Station in Osaka, Honshu, Japan

Nankai Shin-Namba Station (南海新難波駅, Nankai-Shin-Nanba-eki) is a station located in Namba, Naniwa-ku, Osaka. It is a station on the upcoming Naniwasuji Line that will be jointly operated by the West Japan Railway Company (JR West) and Nankai Electric Railway.

== Structural layout ==
The station is located after the Nishi-Hommachi junction point for the branches of the Naniwasuji Line, the other branch dedicated to JR Namba Station. It has 2 side platforms serving both tracks in each direction on the upcoming Naniwasuji Line. The construction of this station involved the cut-and-cover method, which meant several buildings near the station had to be demolished. The following station would be Shin-Imamiya Station.

== History ==
On 10 July 2019, the Ministry of Land, Infrastructure, Transport and Tourism issued the railway business license for the Naniwasuji Line. The construction was approved in 2020, and the expansion and renovation projects of several other stations were completed by 2023.

The total project cost increased from the initial projection of 329.1 billion yen to 642.5 billion yen due to rising construction material costs and labor expenses.
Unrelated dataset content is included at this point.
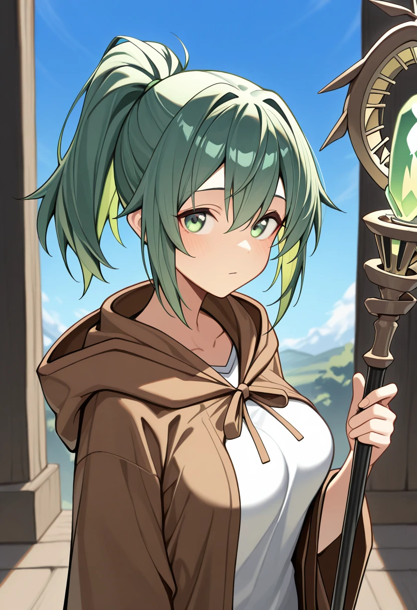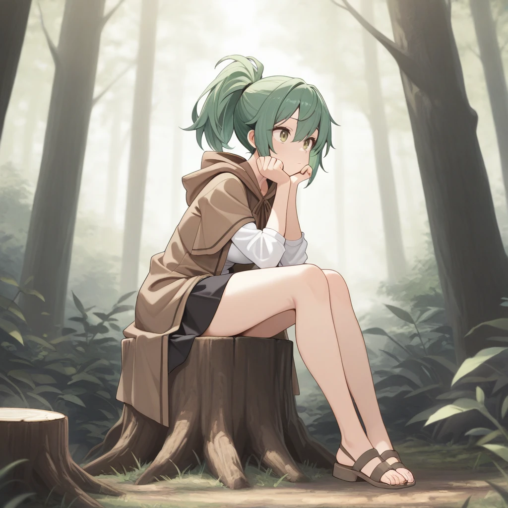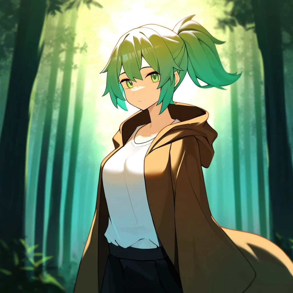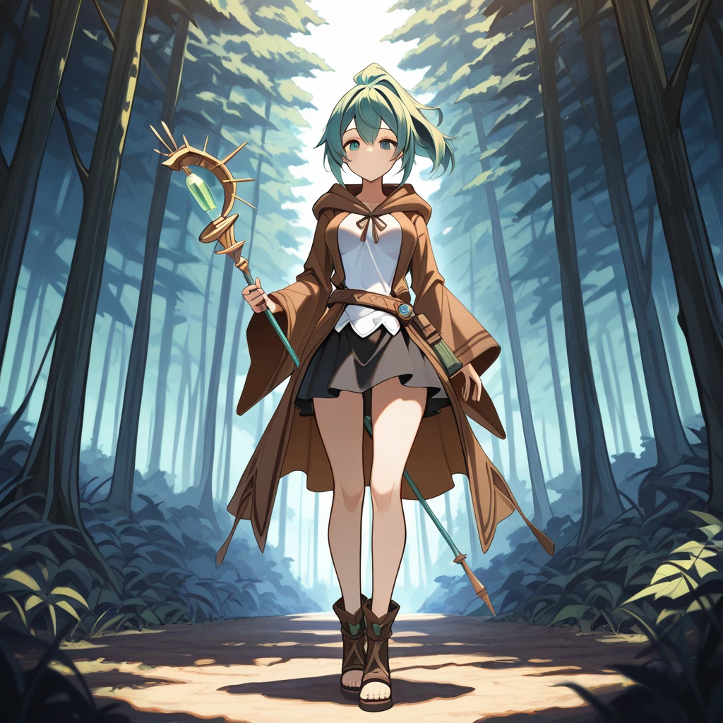 (brown hooded robe, hood down), white shirt, black skirt, boots

The figure was slightly adjusted down from an intermediate peak projection of 650 billion yen by the Kansai Rapid Railway due to optimized underground structural methods, with Osaka Prefecture and Osaka City each projecting a municipal contribution of 114.6 billion yen. Municipal risk management assessments deemed the project's continuation valid as its re-evaluated Benefit-Cost (B/C) ratio landed at 1.05, surpassing the mandatory threshold.

The station will open in 2031, when the Naniwasuji Line opens.